== DATA SHOWN ==

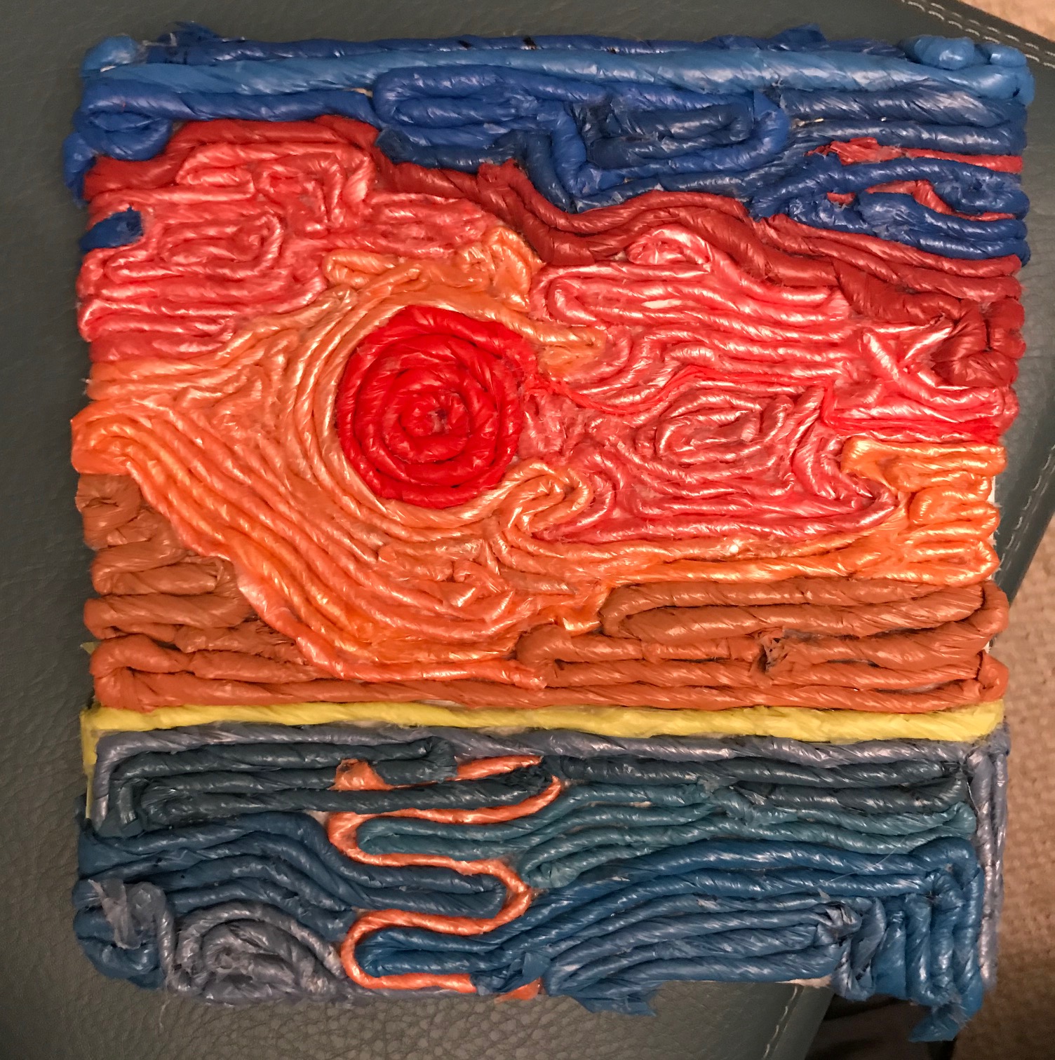 I have a deep need to make some sort of impact on the environment in my art if I can. So many art supplies only contribute to trash. So, I began to work with plastic bags. There’s still a lot I want to do with this medium, but these are the works I’ve done so far.
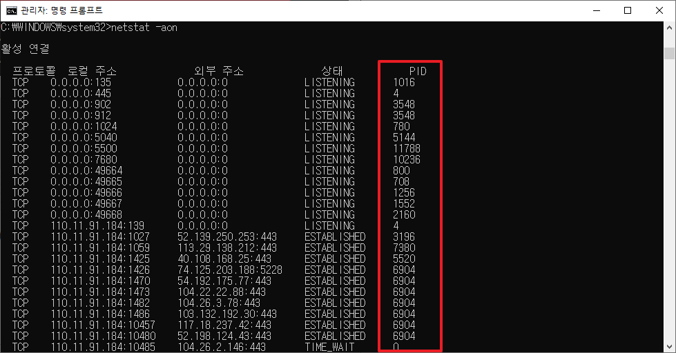 위의 화면에서 보시는 바와 같이 프로토콜 / 로컬 주소 / 내부 주소 / 상태 를 표시하고 그다음 줄의 [Application Name]이 표시 되는 형태입니다. 그럼 다른 형태로 확인이 가능합니다. 여기에 추가로 PID를 토대로 확인이 가능합니다. 그럼 다음과 같은 명령어를 입력하셔야 합니다.
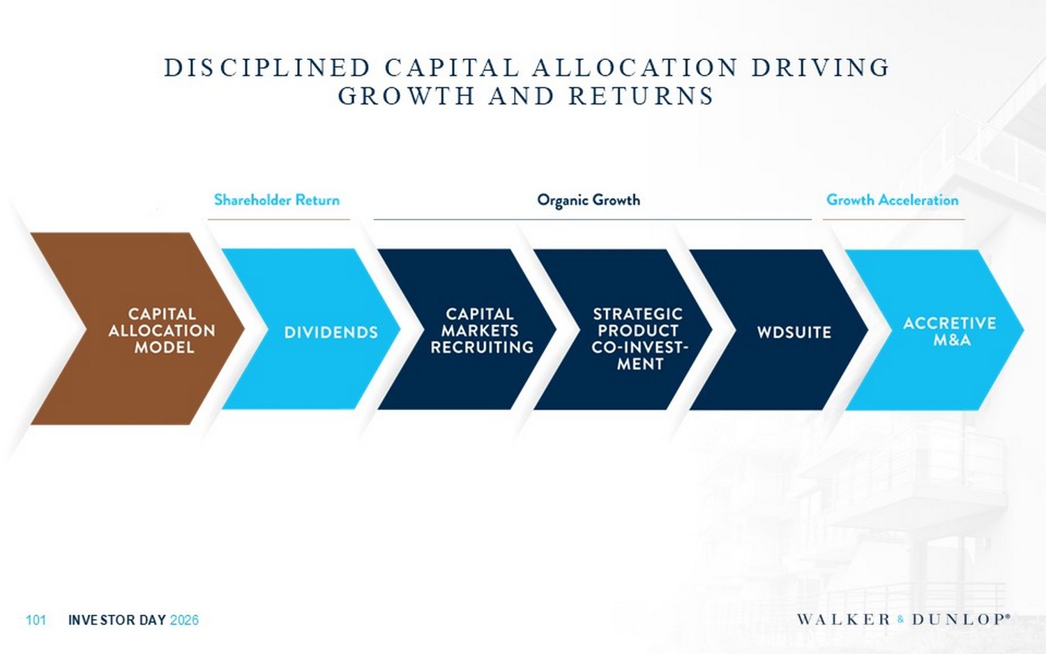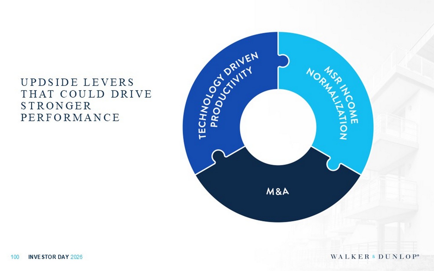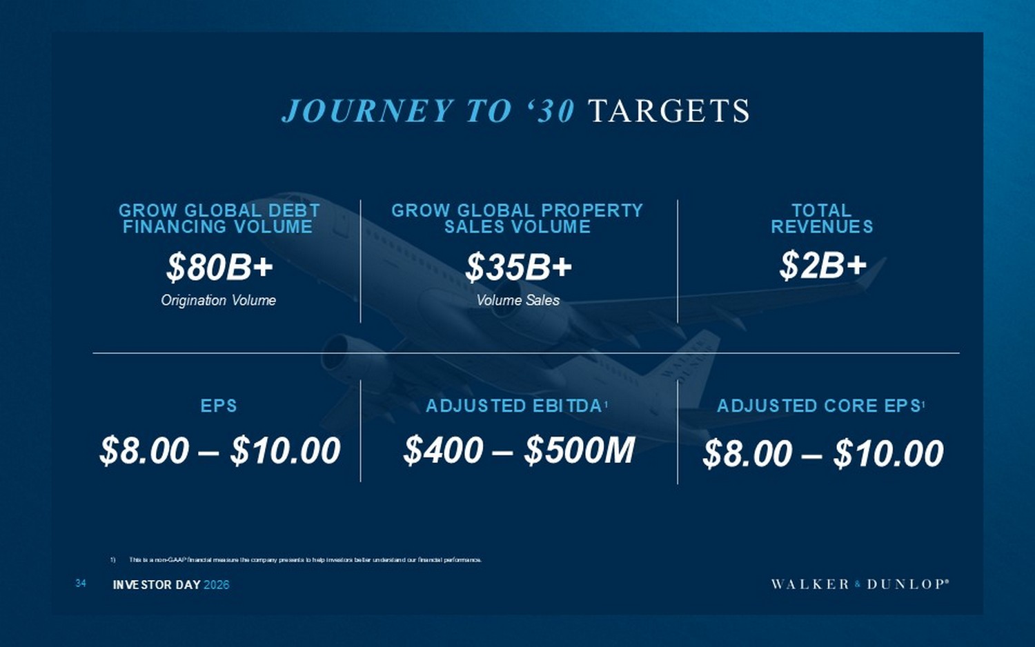2 INVESTOR DAY 2026 Forward - Looking Statements Some of the statements contained in this presentation may constitute forward - looking statements within the meaning of the federal securities laws. Forward - looking statements relate to expectations, projections, plans and strategies, anticipated events or trends and similar expressions concerning matters that are not historical facts. In some cases, you can identify forward - looking statements by the use of forward - looking terminology such as ''may,'' ''will,'' ''should,'' ''expects,'' ''intends,'' ''plans,'' ''anticipates,'' ''believes,'' ''estimates,'' ''predicts,'' or ''potential'' or the negative of these words and phrases or similar words or phrases that are predictions of or indicate future events or trends and which do not relate solely to historical matters. You can also identify forward - looking statements by discussions of strategy, plans or intentions. The forward - looking statements contained in this presentation reflect our current views about future events and are subject to numerous known and unknown risks, uncertainties, assumptions and changes in circumstances that may cause actual results to differ significantly from those expressed or contemplated in any forward - looking statement. While forward - looking statements reflect our good faith projections, assumptions and expectations, they are not guarantees of fu ture results. Furthermore, we disclaim any obligation to publicly update or revise any forward - looking statement to reflect changes in underlying assumptions or factors, new information, data or methods, future events or other changes, except as req uir ed by applicable law. Factors that could cause our results to differ materially include, but are not limited to: (1) general economic conditions and multifamily and commercial real estate market conditions, (2) changes in interest rates, (3) regulatory and/or legislative changes to Freddie Mac, Fannie Mae or HUD, (4) our ability to retain and attract loan originators and other professionals, (5) success of our various investments funded with corporate capital, (6) changes in federal government fis cal and monetary policies, including any constraints or cuts in federal funds allocated to HUD for loan originations, and (7) our obligations to repurchase or indemnify the GSEs for loans we originate under their programs, including additional charges or losses related to loans we have already repurchased or indemnified and new repurchase requests we may receive from the GSEs related to the previously identified instances of borrower fraud, additional instances of borrower fraud, or other r eas ons. For a further discussion of these and other factors that could cause future results to differ materially from those expressed or contemplated in any forward - looking statements, see the section titled ''Risk Factors" in our most recent Annual Report on Form 10 - K, as it may be updated or supplemented by our subsequent Quarterly Reports on Form 10 - Q and other SEC filings. Such filings are available publicly on our Investor Relations web page at www.walkerdunlop.com . Non - GAAP Financial Measures To supplement our financial statements presented in accordance with United States generally accepted accounting principles (“ GAA P”), the Company uses adjusted EBITDA, adjusted core net income, adjusted core EPS, net income excluding charges, diluted EPS excluding charges, and adjusted EBITDA excluding charges, which are non - GAAP financial measures. The presen tation of these non - GAAP financial measures is not intended to be considered in isolation or as a substitute for, or superior to, the financial information prepared and presented in accordance with GAAP. When analyzing our operating performan ce, readers should use adjusted EBITDA, adjusted core net income, adjusted core EPS, diluted EPS excluding charges, and adjusted EBITDA excluding charges, in addition to, and not as an alternative for, net income and diluted EPS. Adjusted EBITDA represents net income before income taxes, interest expense on our corporate debt, and amortization and depre cia tion, adjusted for provision (benefit) for credit losses, net write - offs based on the final resolution of the defaulted loans or collateral, loan repurchase losses, stock - based compensation, the fair value of expected net cash flows from servicing, net, the write - off of the unamortized balance of deferred issuance costs associated with the repayment of a portion of our corporate debt, goodwill impairment, and contingent consideration liability fair value adjustments when the fair value adjust men t is a triggering event for a goodwill impairment assessment. Adjusted core net income and adjusted core EPS represent net income adjusted for amortization and depreciation, provision (be nef it) for credit losses, net write - offs based on the final resolution of the defaulted loans or collateral, the fair value of expected net cash flows from servicing, net, the income statement impact from periodic revaluation and accretion associated w ith contingent consideration liabilities related to acquired companies, goodwill impairment, and other adjustments. Net income excluding charges and diluted EPS excluding charges represent net income excluding indemnified and repurchased loa n e xpenses and asset impairments and other expenses. Adjusted EBITDA excluding charges represents net income before income taxes, interest expense on our corporate debt, and amor tiz ation and depreciation, adjusted for provision (benefit) for credit losses, net write - offs based on the final resolution of the defaulted loans or collateral, loan repurchase losses, stock - based compensation, the fair value of expected net cash flows f rom servicing, net, goodwill impairment, contingent consideration liability fair value adjustments when the fair value adjustment is a triggering event for a goodwill impairment assessment, indemnified and repurc
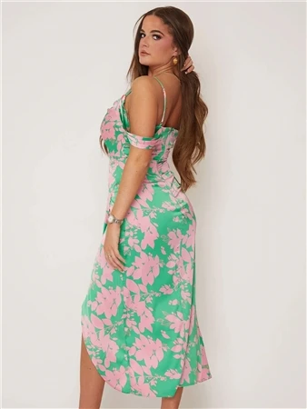 Girl In Mind Pink/Green Camila Floral Wrap Over Midi Dress
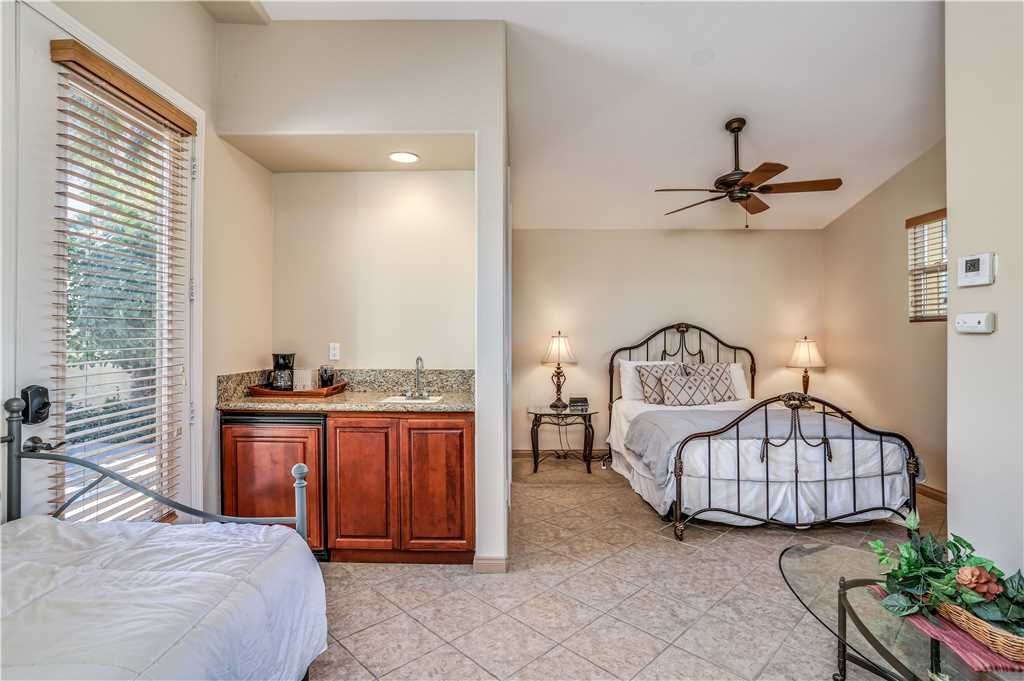 Suite 2 features a Cal King bed, reach-in closet, HDTV, and en-suite bathroom featuring a sink, and a large tiled shower. Suite 2 also features a Twin sleeper sofa. Suite 3 features a Queen bed, reach-in closet, HDTV, and a private en-suite bath with sink and tub/shower. Suite 3 also has a sliding glass door that leads to the front courtyard. Suite 4 is located in the detached casita that can be accessed through the front courtyard of the home. The casita features a Queen bed, kitchenette with sink, mini fridge and coffee maker, a walk-in closet, and a twin bed with twin trundle underneath with HDTV. The casita also has a private bathroom with sink and shower.
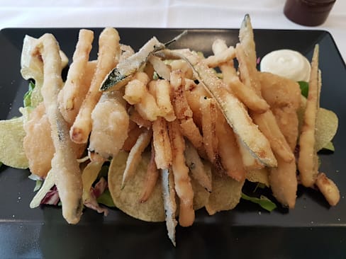9.5/10Excellent fish and (zucchini) chips. Welcome appetizer (carrot cream with crackers). Not far from the city center. Perfect choice for codfish lovers.
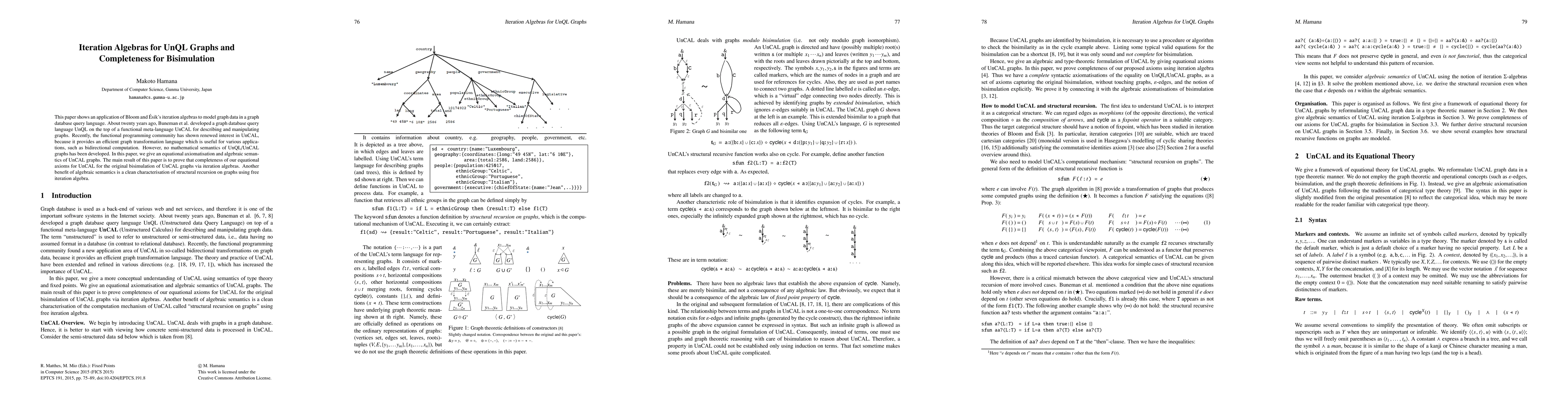This paper applies iteration algebras to model graph data in UnQL, a graph database query language, and provides an equational axiomatisation and algebraic semantics for UnCAL graphs. The main result is proving the completeness of these axioms for bisimulation, offering a clear structural recursion characterization on graphs.

===

### REQUIREMENT
From the first line to the last, print the records exactly; leave out the pictures.

### EXERCISE RESULT
 I have a deep need to make some sort of impact on the environment in my art if I can. So many art supplies only contribute to trash. So, I began to work with plastic bags. There’s still a lot I want to do with this medium, but these are the works I’ve done so far.
 위의 화면에서 보시는 바와 같이 프로토콜 / 로컬 주소 / 내부 주소 / 상태 를 표시하고 그다음 줄의 [Application Name]이 표시 되는 형태입니다. 그럼 다른 형태로 확인이 가능합니다. 여기에 추가로 PID를 토대로 확인이 가능합니다. 그럼 다음과 같은 명령어를 입력하셔야 합니다.
2 INVESTOR DAY 2026 Forward - Looking Statements Some of the statements contained in this presentation may constitute forward - looking statements within the meaning of the federal securities laws. Forward - looking statements relate to expectations, projections, plans and strategies, anticipated events or trends and similar expressions concerning matters that are not historical facts. In some cases, you can identify forward - looking statements by the use of forward - looking terminology such as ''may,'' ''will,'' ''should,'' ''expects,'' ''intends,'' ''plans,'' ''anticipates,'' ''believes,'' ''estimates,'' ''predicts,'' or ''potential'' or the negative of these words and phrases or similar words or phrases that are predictions of or indicate future events or trends and which do not relate solely to historical matters. You can also identify forward - looking statements by discussions of strategy, plans or intentions. The forward - looking statements contained in this presentation reflect our current views about future events and are subject to numerous known and unknown risks, uncertainties, assumptions and changes in circumstances that may cause actual results to differ significantly from those expressed or contemplated in any forward - looking statement. While forward - looking statements reflect our good faith projections, assumptions and expectations, they are not guarantees of fu ture results. Furthermore, we disclaim any obligation to publicly update or revise any forward - looking statement to reflect changes in underlying assumptions or factors, new information, data or methods, future events or other changes, except as req uir ed by applicable law. Factors that could cause our results to differ materially include, but are not limited to: (1) general economic conditions and multifamily and commercial real estate market conditions, (2) changes in interest rates, (3) regulatory and/or legislative changes to Freddie Mac, Fannie Mae or HUD, (4) our ability to retain and attract loan originators and other professionals, (5) success of our various investments funded with corporate capital, (6) changes in federal government fis cal and monetary policies, including any constraints or cuts in federal funds allocated to HUD for loan originations, and (7) our obligations to repurchase or indemnify the GSEs for loans we originate under their programs, including additional charges or losses related to loans we have already repurchased or indemnified and new repurchase requests we may receive from the GSEs related to the previously identified instances of borrower fraud, additional instances of borrower fraud, or other r eas ons. For a further discussion of these and other factors that could cause future results to differ materially from those expressed or contemplated in any forward - looking statements, see the section titled ''Risk Factors" in our most recent Annual Report on Form 10 - K, as it may be updated or supplemented by our subsequent Quarterly Reports on Form 10 - Q and other SEC filings. Such filings are available publicly on our Investor Relations web page at www.walkerdunlop.com . Non - GAAP Financial Measures To supplement our financial statements presented in accordance with United States generally accepted accounting principles (“ GAA P”), the Company uses adjusted EBITDA, adjusted core net income, adjusted core EPS, net income excluding charges, diluted EPS excluding charges, and adjusted EBITDA excluding charges, which are non - GAAP financial measures. The presen tation of these non - GAAP financial measures is not intended to be considered in isolation or as a substitute for, or superior to, the financial information prepared and presented in accordance with GAAP. When analyzing our operating performan ce, readers should use adjusted EBITDA, adjusted core net income, adjusted core EPS, diluted EPS excluding charges, and adjusted EBITDA excluding charges, in addition to, and not as an alternative for, net income and diluted EPS. Adjusted EBITDA represents net income before income taxes, interest expense on our corporate debt, and amortization and depre cia tion, adjusted for provision (benefit) for credit losses, net write - offs based on the final resolution of the defaulted loans or collateral, loan repurchase losses, stock - based compensation, the fair value of expected net cash flows from servicing, net, the write - off of the unamortized balance of deferred issuance costs associated with the repayment of a portion of our corporate debt, goodwill impairment, and contingent consideration liability fair value adjustments when the fair value adjust men t is a triggering event for a goodwill impairment assessment. Adjusted core net income and adjusted core EPS represent net income adjusted for amortization and depreciation, provision (be nef it) for credit losses, net write - offs based on the final resolution of the defaulted loans or collateral, the fair value of expected net cash flows from servicing, net, the income statement impact from periodic revaluation and accretion associated w ith contingent consideration liabilities related to acquired companies, goodwill impairment, and other adjustments. Net income excluding charges and diluted EPS excluding charges represent net income excluding indemnified and repurchased loa n e xpenses and asset impairments and other expenses. Adjusted EBITDA excluding charges represents net income before income taxes, interest expense on our corporate debt, and amor tiz ation and depreciation, adjusted for provision (benefit) for credit losses, net write - offs based on the final resolution of the defaulted loans or collateral, loan repurchase losses, stock - based compensation, the fair value of expected net cash flows f rom servicing, net, goodwill impairment, contingent consideration liability fair value adjustments when the fair value adjustment is a triggering event for a goodwill impairment assessment, indemnified and repurc
 Girl In Mind Pink/Green Camila Floral Wrap Over Midi Dress
 Suite 2 features a Cal King bed, reach-in closet, HDTV, and en-suite bathroom featuring a sink, and a large tiled shower. Suite 2 also features a Twin sleeper sofa. Suite 3 features a Queen bed, reach-in closet, HDTV, and a private en-suite bath with sink and tub/shower. Suite 3 also has a sliding glass door that leads to the front courtyard. Suite 4 is located in the detached casita that can be accessed through the front courtyard of the home. The casita features a Queen bed, kitchenette with sink, mini fridge and coffee maker, a walk-in closet, and a twin bed with twin trundle underneath with HDTV. The casita also has a private bathroom with sink and shower.
9.5/10Excellent fish and (zucchini) chips. Welcome appetizer (carrot cream with crackers). Not far from the city center. Perfect choice for codfish lovers.
This paper applies iteration algebras to model graph data in UnQL, a graph database query language, and provides an equational axiomatisation and algebraic semantics for UnCAL graphs. The main result is proving the completeness of these axioms for bisimulation, offering a clear structural recursion characterization on graphs.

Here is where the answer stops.